If you're considering a relationship with a financial professional, it's important to remember your recipe – it's not about what everyone else thinks, it's only about you. What you can do is be as informed as possible. In situations like the DOL Rule, with arguments at opposite ends of the spectrum, sharpening the grey area is often the best we can do. You will see statistics and data out there that paint a negative picture of financial professionals, and you will see those that are positive. When confronting these types of issues, use a variety of sources of data from each side of the argument, consider the source in each case when looking at the data, and fact-check vigorously.

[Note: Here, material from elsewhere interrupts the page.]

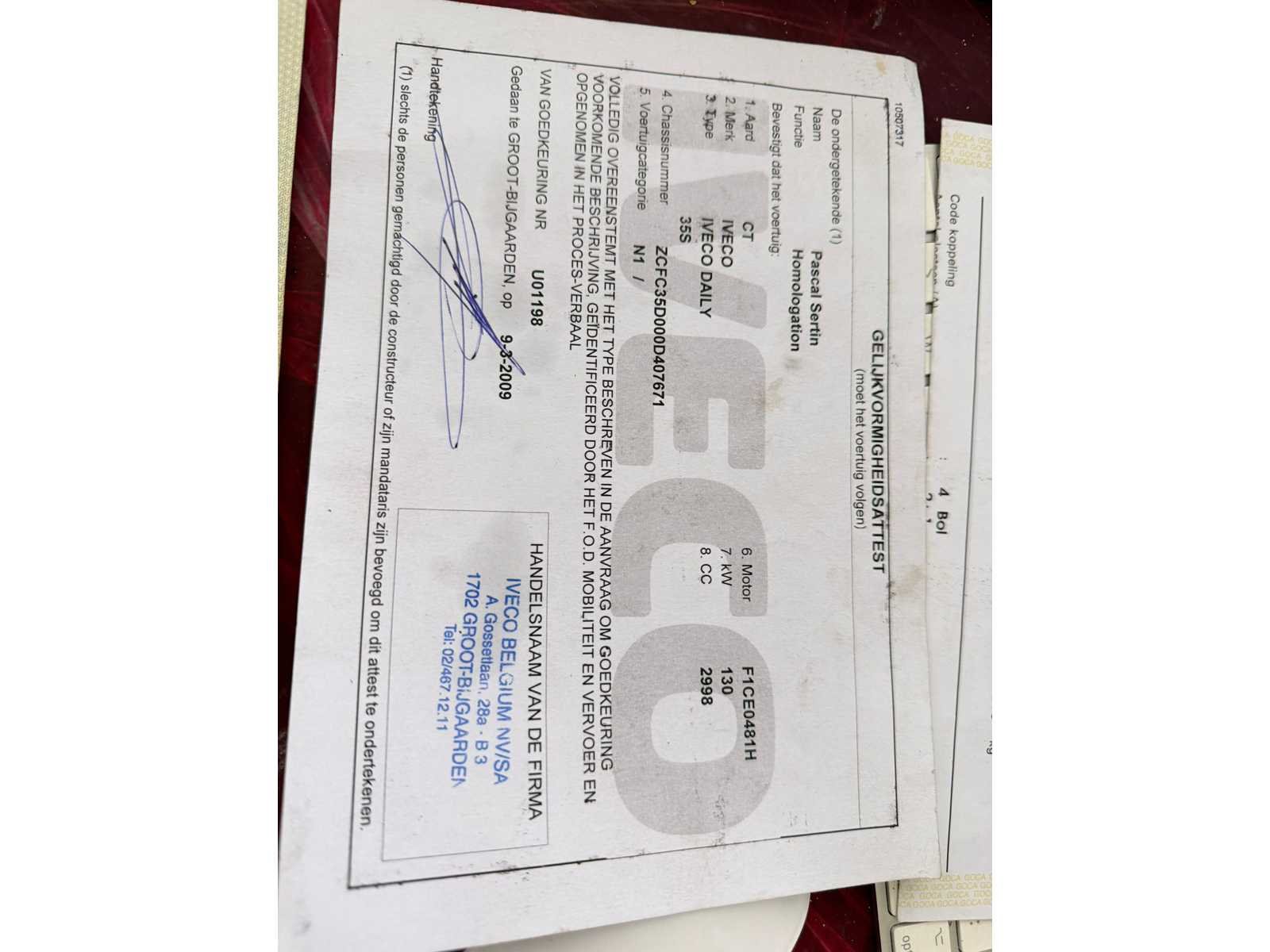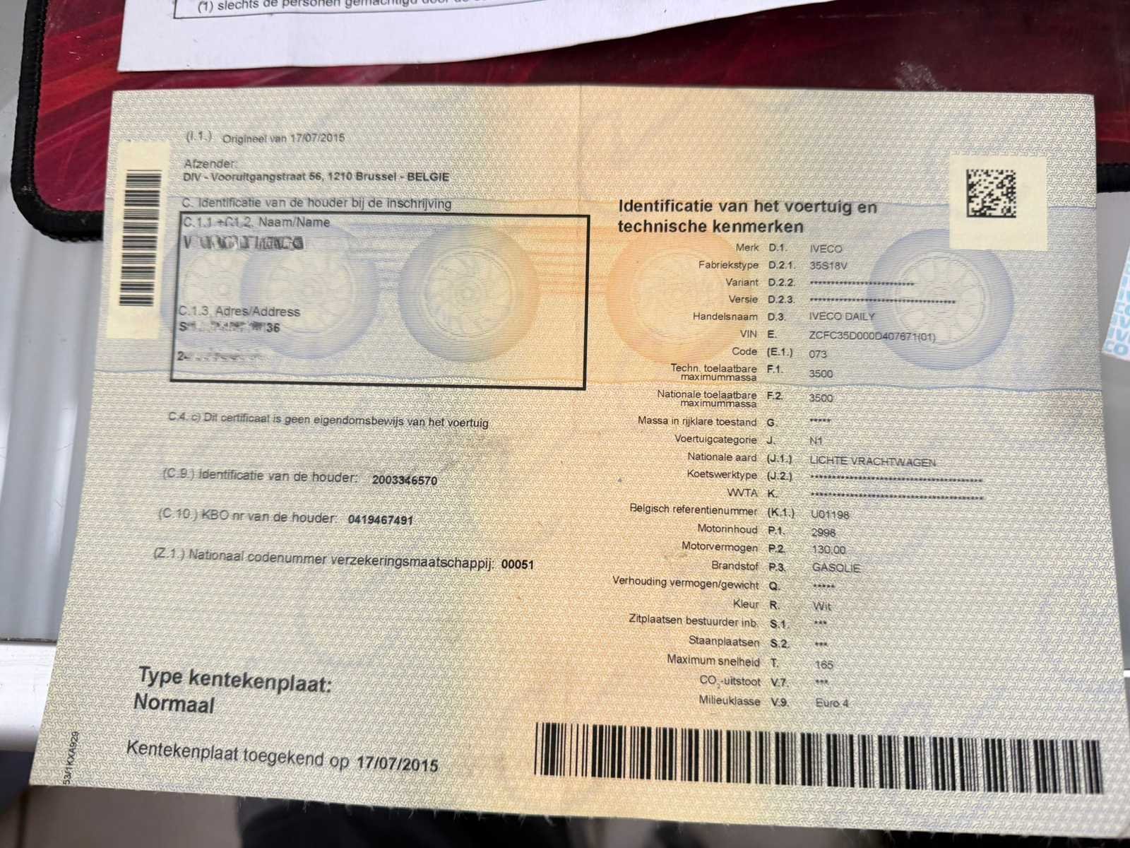 Iveco Daily in werkende staat (start en rijdt). Servoriem is defect; radiator dient gecontroleerd te worden. Inschrijvingsbewijs onvolledig: enkel deel 1 aanwezig, deel 2 ontbreekt. Certificaat van Overeenstemming (COC) aanwezig. Wordt verkocht in de staat dat deze zich bevind. Nee Merk: Iveco Type: Daily 3.0 HTP 35S18 Bouwjaar: 2009 Chassisnummer: ZCFC35D000D407671 Afgelezen kilometerstand: 339413km Vermogen (kW): 130kW Brandstof: diesel Transmissie: Handgeschakeld Nationaliteit documenten: België Energielabel: Euro 4

For the purposes of this piece, I will offer you recent data showing that financial professionals can have a positive impact on investors' perception of retirement security. According to LIMRA,4 a worldwide association of insurance and financial services companies, consumers who work with a financial professional are:
Further, eight in 10 consumers who work with an advisor believe that he or she helps them in ways they would not be able to achieve on their own.4 Does this mean that you need to work with a financial professional to attain a higher level of retirement security? Of course not. Could a financial professional be part of your recipe, now or in the future? It's certainly possible. I urge you to gather as much data as possible on the value of a financial professional (as well as the opposite) so you can complete your own analysis and draw your own conclusions.
RETIREMENT SECURITY AND THE POWER OF KNOWLEDGE
A third, and equally important facet of retirement security (in my opinion), is the knowledge you gather on your own. I encourage you to do the research, find your favorite types of content and mediums and make financial education materials part of your recurring reading list.
Remember, every investor is unique, and what works for you might not work for your neighbor (or vice versa). Because retirement security is so personal, it's also subjective, meaning that no amount of money or planning is the "right" amount. Ultimately, retirement security hinges on how you feel. If you've crafted your recipe with love and care and followed your own instructions faithfully, I hope you can crack a smile when you think about pulling the final product out of the oven.
1 n.a. (2015). Retirement Security. Annuity Digest. Retrieved from AnnuityDigest.com.
2 Rankin, L. (January 31, 2013). How Fear Makes You Sick. LissaRankin.com. Retrieved from LissaRankin.com.
3 n.a. (February 4, 2015). American Psychological Association Survey Shows Money Stress Weighing on Americans' Health Nationwide. American Psychological Association. Retrieved from APA.org.
4 n.a. (2015). Informing the Debate: Facts About Retirement Security. LIMRA Secure Retirement Institute. Retrieved from LIMRA.com.